A 1-year-old male child from Asansol, Burdwan, was admitted with the complaints of abnormal movements for the last 5–6 months. The movements started spontaneously during or after episodes of crying, occurring several times per day, each lasting for about 1 min. The movements were characterized by rapid bending of the head and torso forward with simultaneous raising and bending of the arms while partially drawing the hands together in front of the chest. The child had uneventful antenatal and postnatal periods. However, his brother had suffered similarly and had died at the age of 6 years.

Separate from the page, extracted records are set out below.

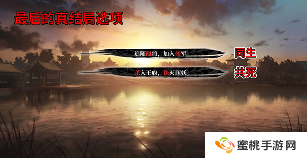 6、在最后剧情分支里面选择【追随闯将,加入闯军】,触发结局【同生】;选择【杀入王府,诛灭豚妖】,触发结局【共死】。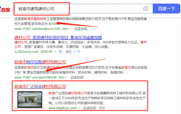 我們公司與蚌埠*達(dá)恒業(yè)建材有限公司合作中,對(duì)這個(gè)公司所經(jīng)營的電池這個(gè)行業(yè)提供了百度快照排名,與該公司的合作,更多的客戶讓我們公司為其提供百度快照排名,通過每一次合作,我們公司不斷完善自己,同時(shí)希望合作伙伴在經(jīng)營的路上越來越好。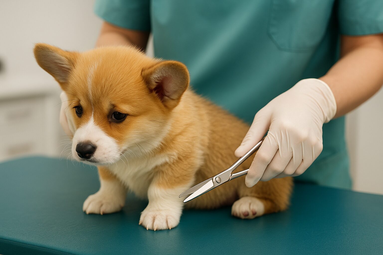 一般的にコーギーの断尾が行われるのは、生後まもない子犬の時期です。多くのケースでは、生後2〜5日ほどのごく早いタイミングで、獣医師が尻尾を短くする処置を行います。これは、神経系がまだ未発達なうちに行うことで痛みが少ないと考えられてきたためで、ブリーダー業界の中では「生まれてすぐに済ませるのが当たり前」という感覚が長く続いてきました。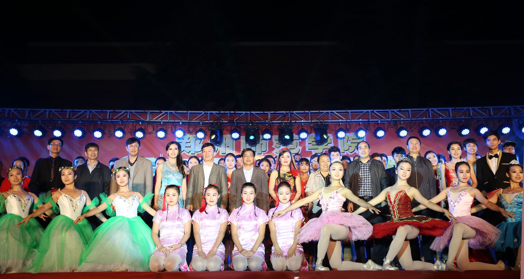 演出结束后,院党委书记于向英与表演同学及工作人员亲切合影留念,并对晚会给予了十分的肯定和欣赏,表达了对工作人员的关心慰问,最后勉励学生在今后的学习生活中再接再厉,为学校的发展增光添彩。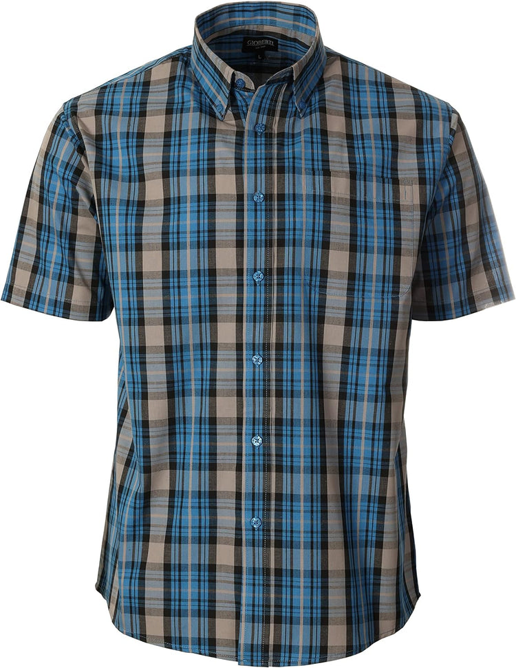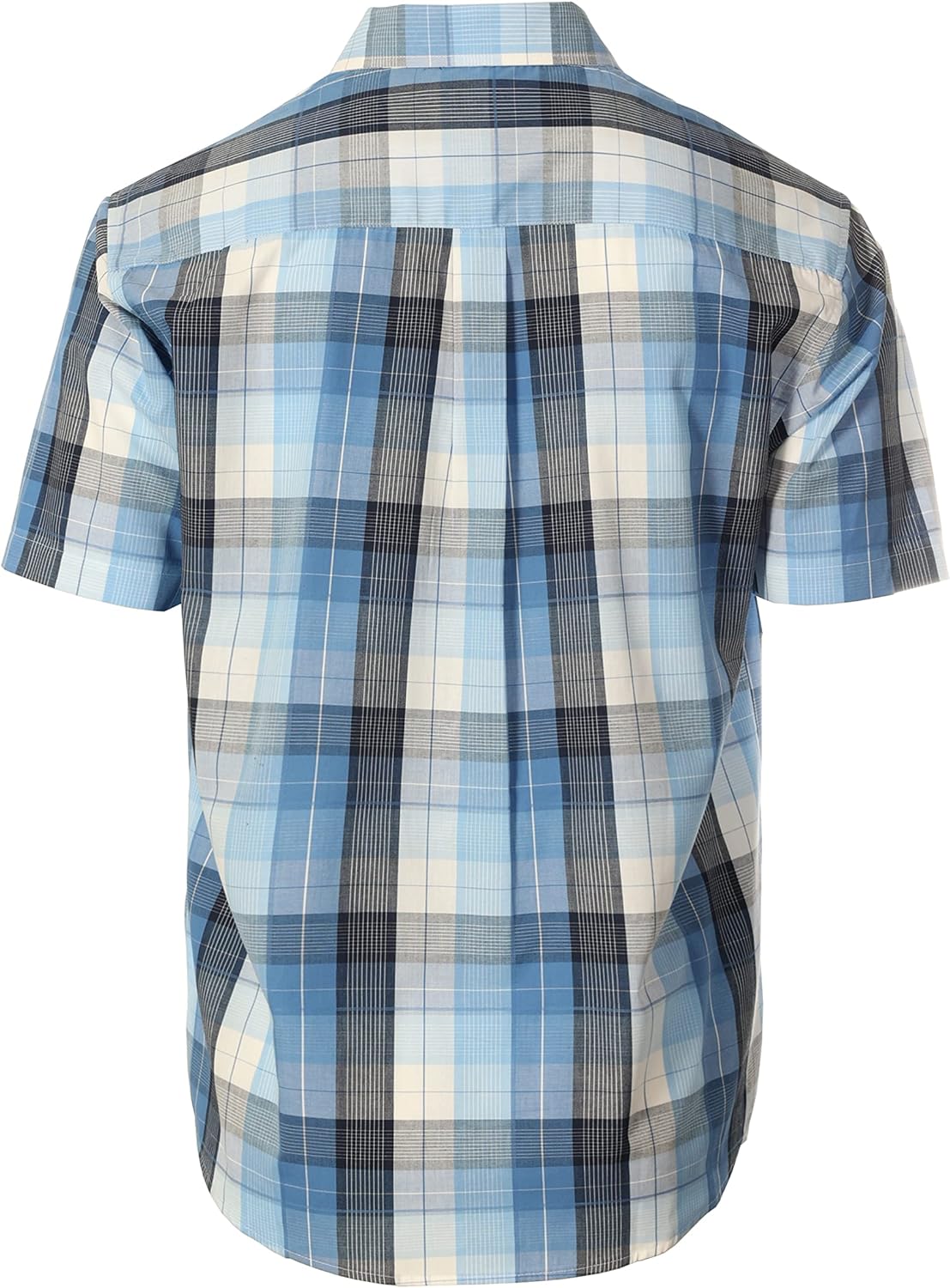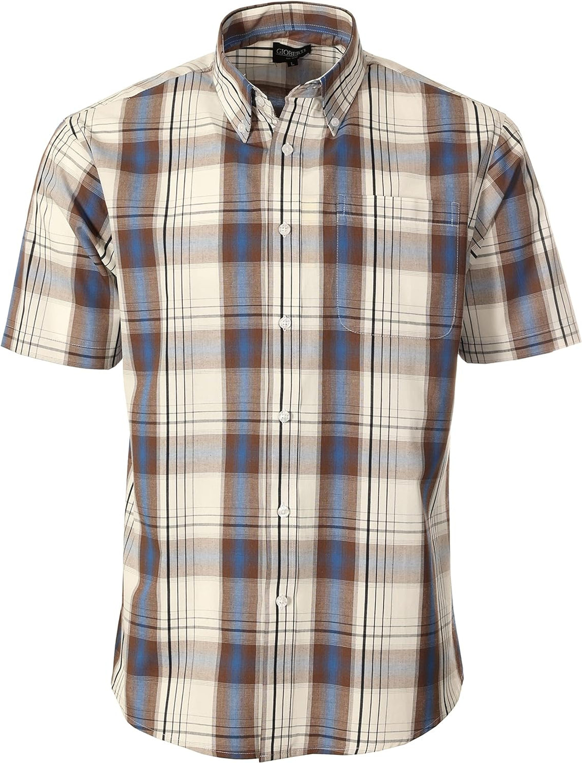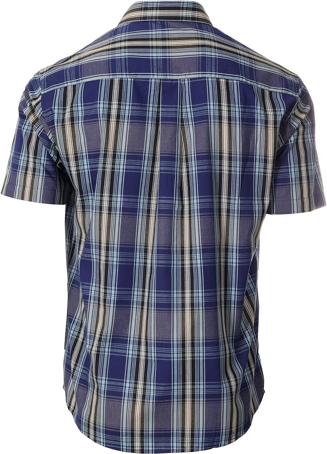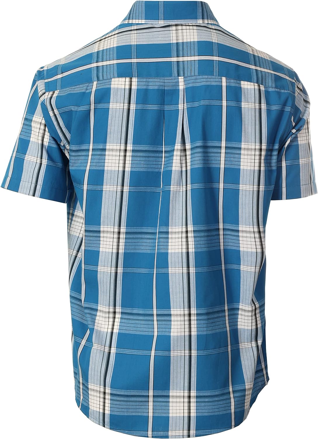 Mens Casual Button Down Dress Shirt, Short Sleeve, Plaid Checked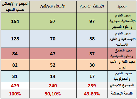 1-2-/ تعداد الأساتذة الدائمين و المؤقتين حسب المعاهد 2-2/ إحصائيات التغطية بالأساتذة الدائمين حسب المعهد للسنة الجامعية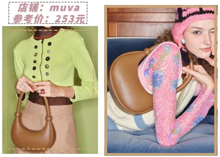 月牙包跟不同材质组合也能碰撞出不一样的火花。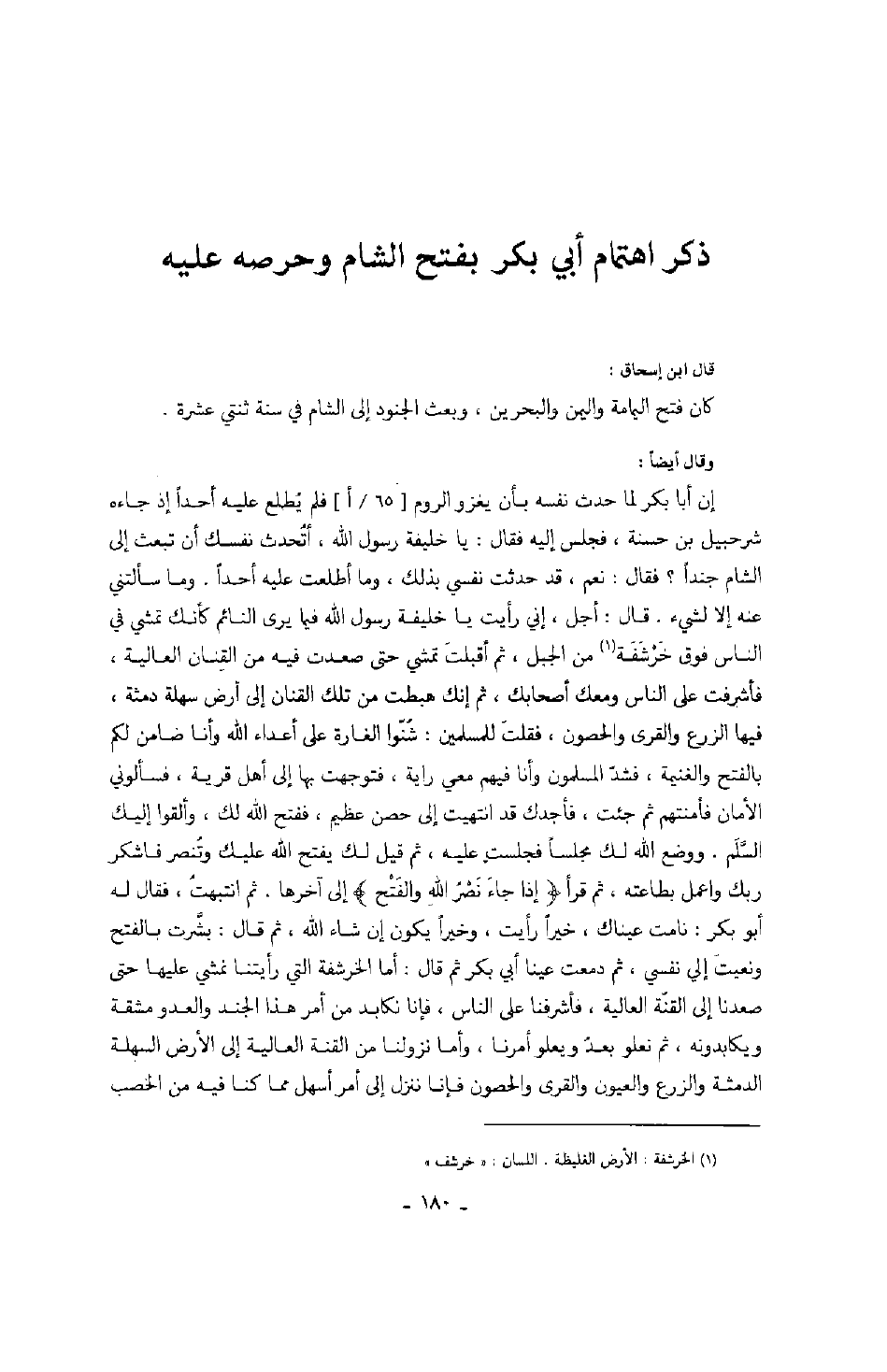 إن أبا بكر لما حدث نفسه بأن يغزو الروم فلم يطلع عليه أحداً إذ جاءه شرحبيل بن حسنة، فجلس إليه فقال: يا خليفة رسول الله، أتحدث نفسك أن تبعث إلى الشام جنداً؟ فقال: نعم، قد حدثت نفسي بذلك، وما أطلعت عليه أحداً. وما سألتني عنه إلا لشيء. قال: أجل، إني رأيت يا خليفة رسول الله فيما يرى النائم كأنك تمشي في الناس فوق خرشفة من الجبل، ثم أقبلت تمشي حتى صعدت فيه من القنان العالية، فأشرفت على الناس ومعك أصحابك، ثم إنك هبطت من تلك القنان إلى أرض سهلة دمثة، فيها الزرع والقرى والحصون، فقلت للمسلمين: شنوا الغارة على أعداء الله وأنا ضامن لكم بالفتح والغنيمة، فشد المسلمون وأنا فيهم معي راية، فتوجهت بها إلى أهل قرية، فسألوني الأمان فأمنتهم ثم جئت، فأجدك قد انتهيت إلى حصن عظيم، ففتح الله لك، وألقوا إليك السلم. ووضع الله لك مجلساً فجلست عليه، ثم قيل لك يفتح الله عليك وتنصر فاشكر ربك واعمل بطاعته، ثم قرأ " إذا جاء نصر الله والفتح " إلى آخرها. ثم انتبهت، فقال له أبو بكر: نامت عيناك، خيراً رأيت، وخيراً يكون إن شاء الله، ثم قال: بشرت بالفتح ونعيت إلي نفسي، ثم دمعت عينا أبي بكر ثم قال: أما الخرشفة التي رأيتنا نمشي عليها حق صعدنا إلى القنة العالية، فأشرفنا على الناس، فإنا نكابد من أمر هذا الجند والعدو مشقة ويكابدونه، ثم نعلو بعد ويعلو أمرنا، وأما نزولنا من القنة العالية إلى الأرض السهلة الدمثة والزرع والعيون والقرى والحصون فإنا ننزل إلى أمر أسهل مما كنا فيه من الخصب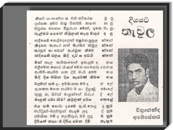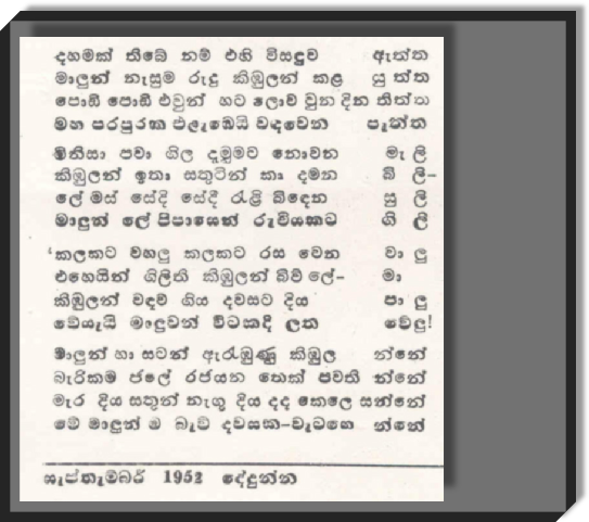 “Diyayata Thevula” Dedunna Poetry Magazine (September 1952) - "Ahalepola"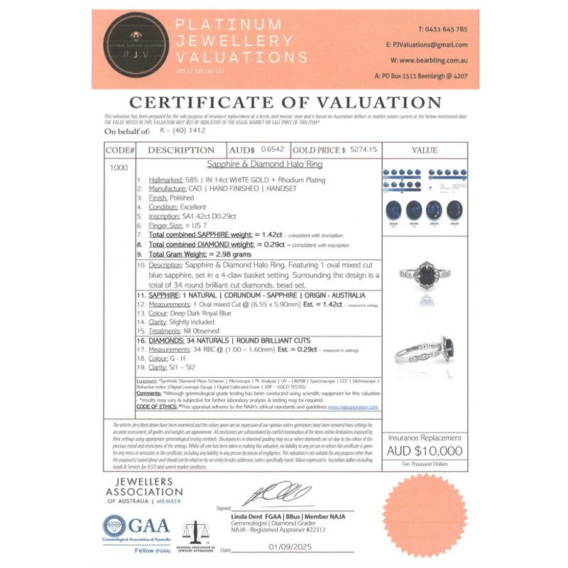 The Centre Features, One Oval Cut Blue, Sapphire (1.42Ct, Slightly Included), 4 Claw Set. Surrounding The Design Are, 34 Round Brilliant Cut, Diamonds (0.29Ct Tdw, G-H Colour, Si1-Si2 Clarity), Bead Set. Ring Size N 1/2.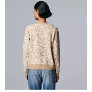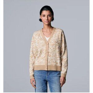 Simply Vera Wang Tan Animal Print Knit Cardigan Button Sweater Plus Sz XXL New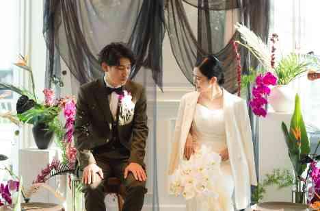ドレスは、シンプルなデザインのマーメイドです。前から見るとシンプル、ヘルシーで少しセクシーな海外のモデルさんのようなイメージなのがポイント。2着目は選んだブラックドレス。昔から黒のドレスを絶対に着ると決めていて、SNSで見つけて即決!装花は色味にこだわり「黒とピンクとグリーンを使ってください」とだけ伝えました。見た時は、想像以上の仕上がりで、可愛すぎて胸が高鳴りました!と笑顔でお話くださいました!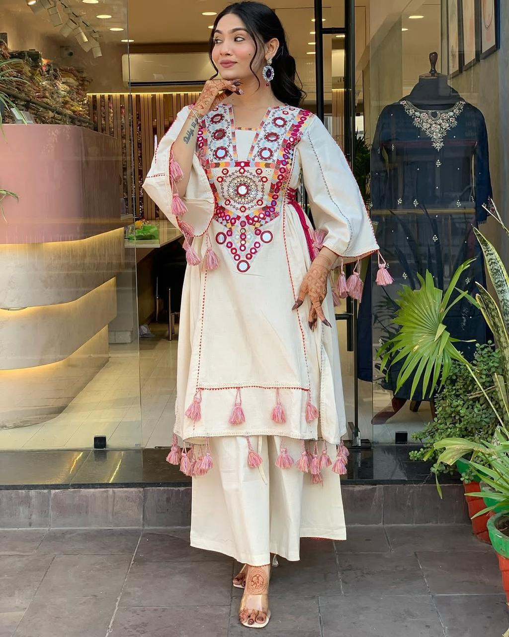 _*new Launching Beautiful Designer Peplum & Bell Bottom Set On cotton Fabric With foil 🪞 mirror work , Tassels & Laces*_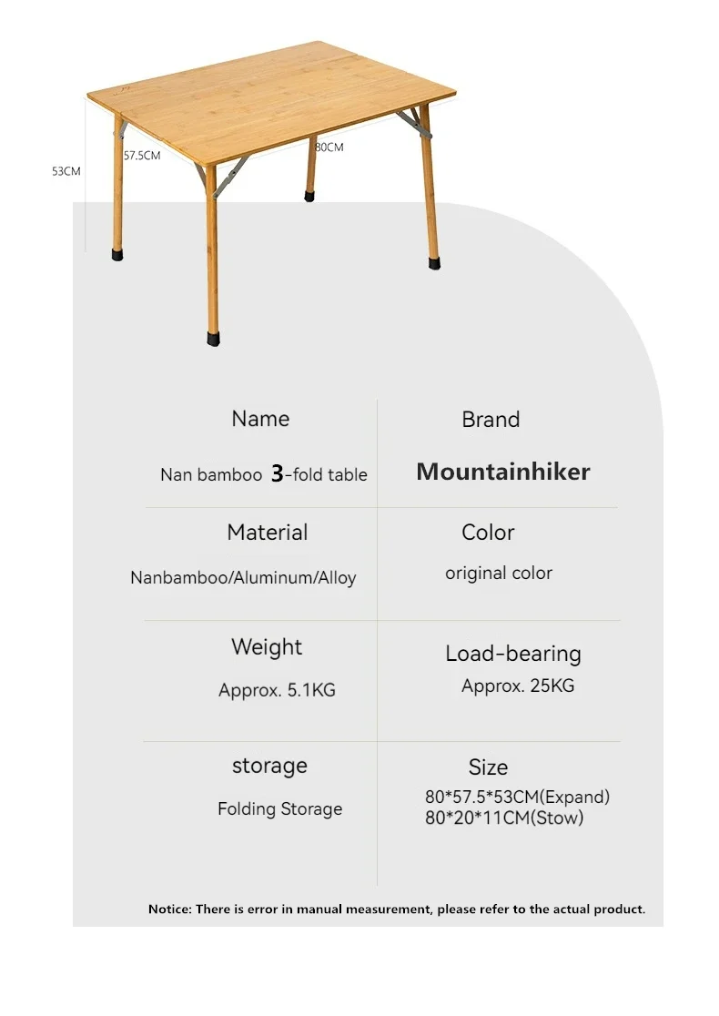 MOUNTAINHIKER Outdoor Camping Bamboo 2/3 Folding Table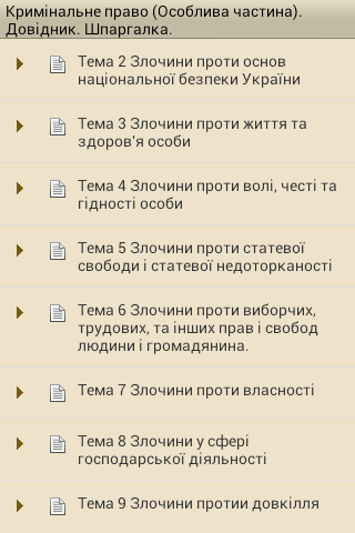 Цей додаток це зручний інструмент для кожного студента та юриста котрий допомогає у підготовці до сеемінарських зайнять з Кримінального права, а також під час контрольних та модульних робіт, іспитів.

On examination, there were multiple hypomelanotic macules on the limbs and torso and Shagreen's patch on the back [Figure 4]. His MRI brain showed multiple bilateral cortical and subcortical focal altered intensities with multiple bilateral periventricular subependymal nodules, suggestive of tuberous sclerosis [Figure 6]a. The mother had facial angiofibromas/adenoma sebaceum and confetti skin lesions [Figure 5]a and [Figure 5]b, and her MRI brain showed presence of cortical tubers [Figure 6]b. The child was diagnosed as a case of tuberous sclerosis with infantile spasm and was treated with vigabatrin at 50 mg/kg/day.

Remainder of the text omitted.